The case for stimulating demand and restricting supply

J. W. Mason writes,

The fact that people like Lawrence Summers have been ignored in favor of progressives like Heather Boushey and Jared Bernstein, and deficit hawks like the Committee for a Responsible Federal Budget have been left screeching irrelevantly from the sidelines, isn’t just gratifying as spectacle. It suggests a big move in the center of gravity of economic policy debates.

It really does seem that on the big macroeconomic questions, our side is winning.

Pointer from Tyler Cowen. He lists a number of propositions, which tend to favor macroeconomic policies that stimulate demand and restrict supply.

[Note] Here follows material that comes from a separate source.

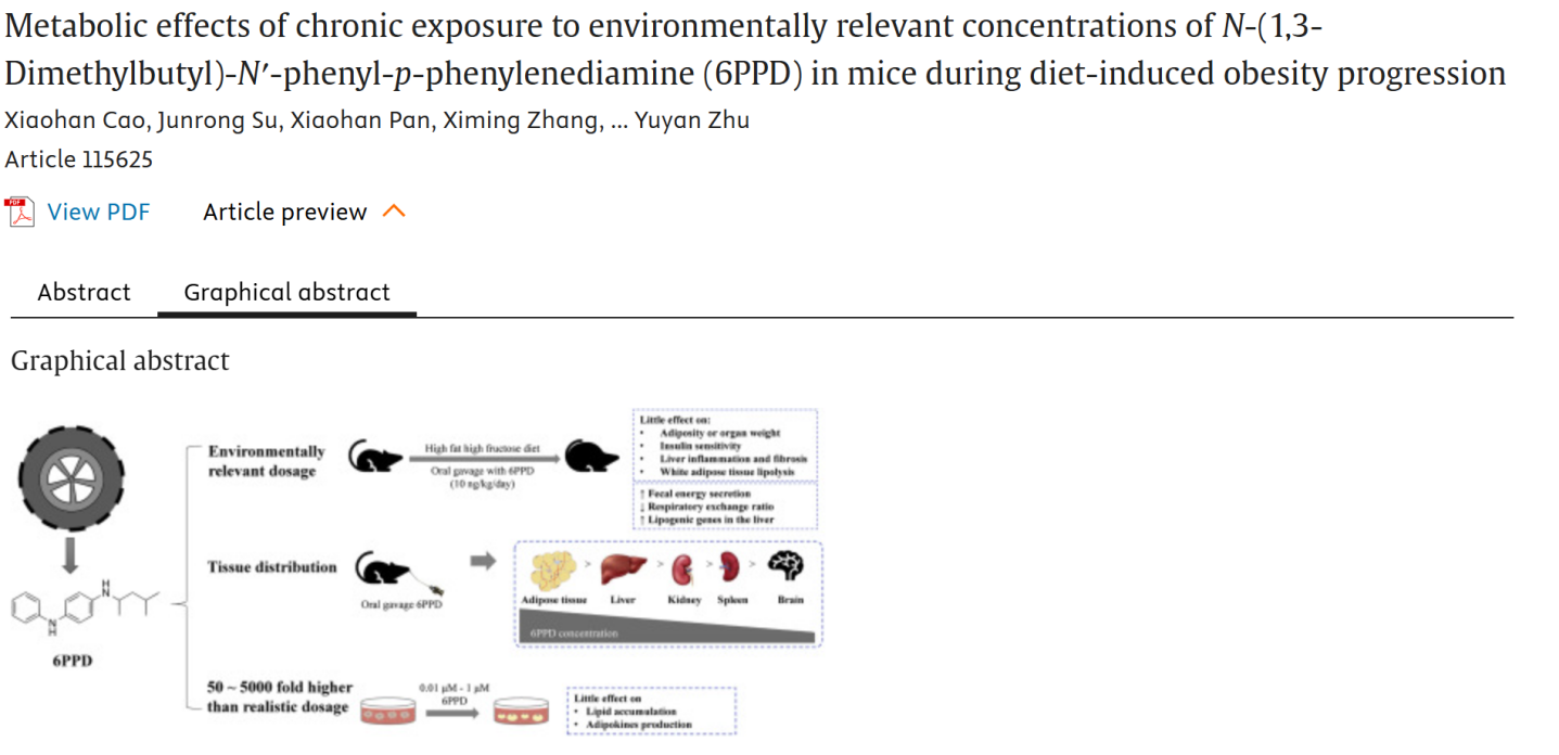 概述:通过在高脂高果糖饮食下暴露小鼠于环境相关浓度的6PPD,发现6PPD对代谢健康的影响有限,主要表现在消化系统上的轻微影响,并未对脂肪积聚、能量消耗或胰岛素耐受性造成显著改变。

For example although he argues (correctly) that there is no bright line between being unemployed and being out of the labor force, he claims that

Work incentives don’t matter.

Suppose you have very high marginal tax rates on work. The “new” theory is that with enough aggregate demand, everyone will work, anyway. As Mason puts it,

Weak demand is an ongoing problem, not just a short-term one. The most serious criticism of the ARPA is, I think, that so many of its provisions are set to phase out at specific dates when they could be permanent (the child tax credit) or linked to economic conditions (the unemployment insurance provisions). This suggests an implicit view that the problems of weak demand and income insecurity are specific to the coronavirus, rather than acute forms of a chronic condition.

I think that if you subsidize demand and restrict supply, then the whole economy will look like education, health care, and real estate, where prices go up and resources are wasted.

John Cochrane has a more detailed critique of this “new” economic theory. One way in which it differs from the conventional wisdom of the 1960s: back then, economists were confident that if inflation broke out, the government could direct businesses to slow the rate at which they increased wages and prices. That theory has not made a comeback, at least so far.